Presidents Guidance

From Kosei,
April 2022

Keeping the Precepts Is a Token of Your Gratitude

Gratitude for the Support We Receive

As I often say, our lives are always being supported by all existence from the moment we are born. However, when it comes to being grateful for that support each and every day, there may be few people who can confidently say that they do. Some people complain about the weather, while others seem incapable of uttering a simple “thanks” to their own family members

Precept keeping is one of the Six Paramitas, which teach us the virtues of our bodhisattva practices. The original term for “precept keeping” is sīla, (Pali; Sanskrit, śīla), which means “to perfect good habits.” While the term “precept keeping” may give a rather prohibitive “you-must-not” impression, it really has a positive meaning, appropriate for the practices of bodhisattvas who hope for the happiness of both themselves and others.

This positive meaning has a profound connection to the Buddhist teaching that I mentioned above, “Our lives are always being supported by all existence,” which conveys the essence of Buddhist teaching. We are grateful that everything is supporting our lives and therefore we strive, in accordance with the wish of the Buddha and the goal of the bodhisattva, to help everyone lead pleasant, happy lives. After all, giving peace of mind to the people around us, wherever we are right now, is the least we can do as a token of our gratitude for that support. It is the law of nature that everything in every place inherently exists in a state of harmony, so by mastering and putting into practice habits that make everyone feel peaceful and pleasant, you are expressing your own feelings of gratitude for being caused to live, which is the meaning of the bodhisattva practice called “precept keeping.”

There are five precepts for lay Buddhists, which are to abstain from taking life, stealing, immoral sexual conduct, telling lies, and consuming intoxicants. From our point of view, though, we could say that these five are guidelines against causing trouble to or hurting other people. When you have respect for all life and put it to good use; get along well with family, friends, and acquaintances; and let everyone live happily──that’s the greatest joy for you, too, isn’t it?

We Should All Make Our Own Personal Precepts

Masahiro Mori, an authority on robotics with a deep knowledge of Buddhism, said that just as every person’s face is different, “Everyone has their own particular habits and weaknesses and therefore, the precepts should be different from one person to the next.” In other words, it is important to find and put into practice your own “custom-made” good habits and make them your own personal precepts.

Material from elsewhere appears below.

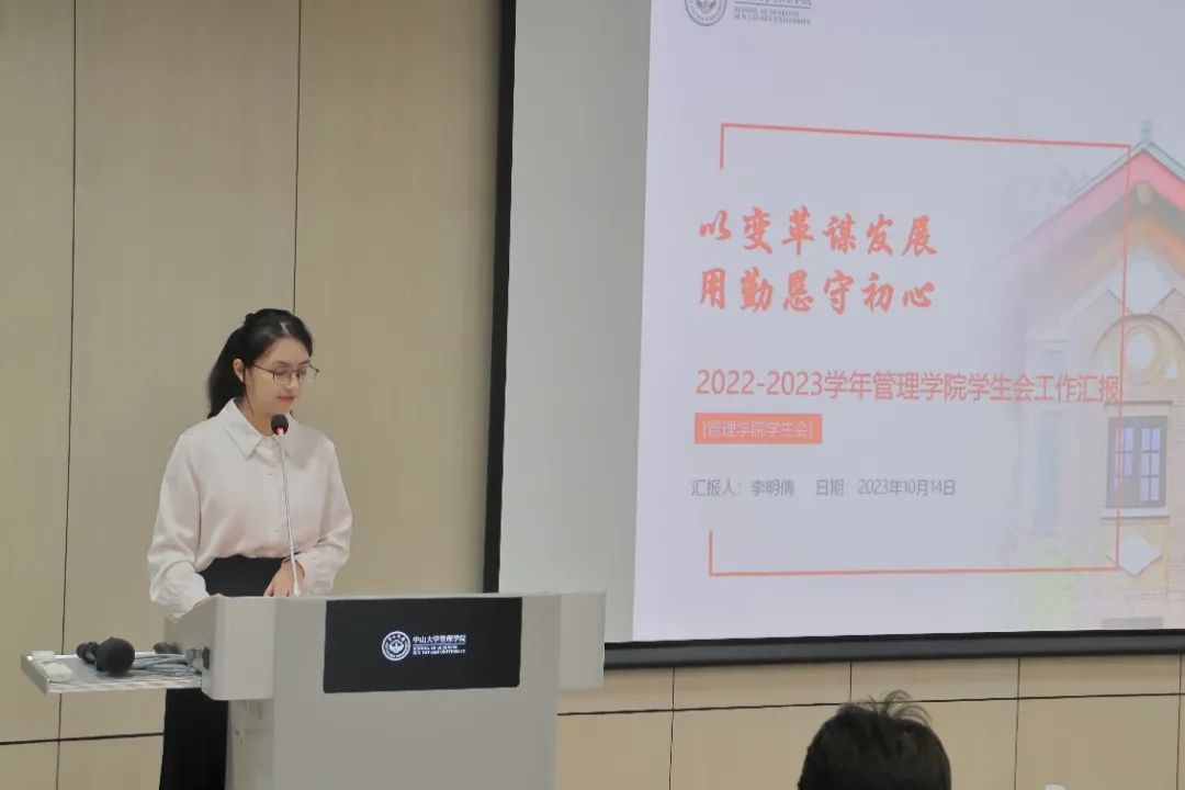 大会审议通过了管理学院学生会轮值主席李明倩同学所作的2022-2023年度管理学院学生会工作报告和管理学院学生会章程报告。

In that sense, let’s consider good habits, including the five precepts, that we think are necessary for ourselves. For example, if you are someone who tends to annoy other people by frequently being late, it might be helpful to recall Founder Niwano’s habit of always saying, “Arrive early, even if only five or ten minutes ahead of time.” Or if you are someone who is quick to express anger, I think that the habit of reciting, at such times, the mantra, on nikoniko, hara tatsumaizoya sowaka (“smile and do not lose your temper, may it be so”), and taking a deep breath may help you restrain yourself from making the people around you uncomfortable.

“Precepts” like these that differ from person to person—which we could say, depending on the point of view, are lifestyle rules or manners—are different from “manners” (in the usual sense) because, in the mind of each and every person who puts them into practice, there is gratitude for receiving support and the hope and prayers for the happiness and harmony of everyone. Your mind of benefitting others, which brings harmony to your surroundings, becomes the diligence of a bodhisattva and leads to your own experience of the joy of benefitting yourself.

In snowy regions of Japan, spring is said to come forth from the roots of the trees. There is a Japanese phrase, yukinebiraki, that describes how the snow around the roots of trees starts melting before anywhere else around it. Indeed, when I recall spring in Founder Niwano’s hometown, Suganuma, my mind wanders back to serene memories of the tutelary shrine’s cherry trees, their trunks peeking through the soil while the area around them was still covered in snow, starting to bloom brightly.

With gratitude for the workings of the gods and the buddhas, we must continue to master skills so that we live in harmony with the law of nature and pass our days with peace of mind.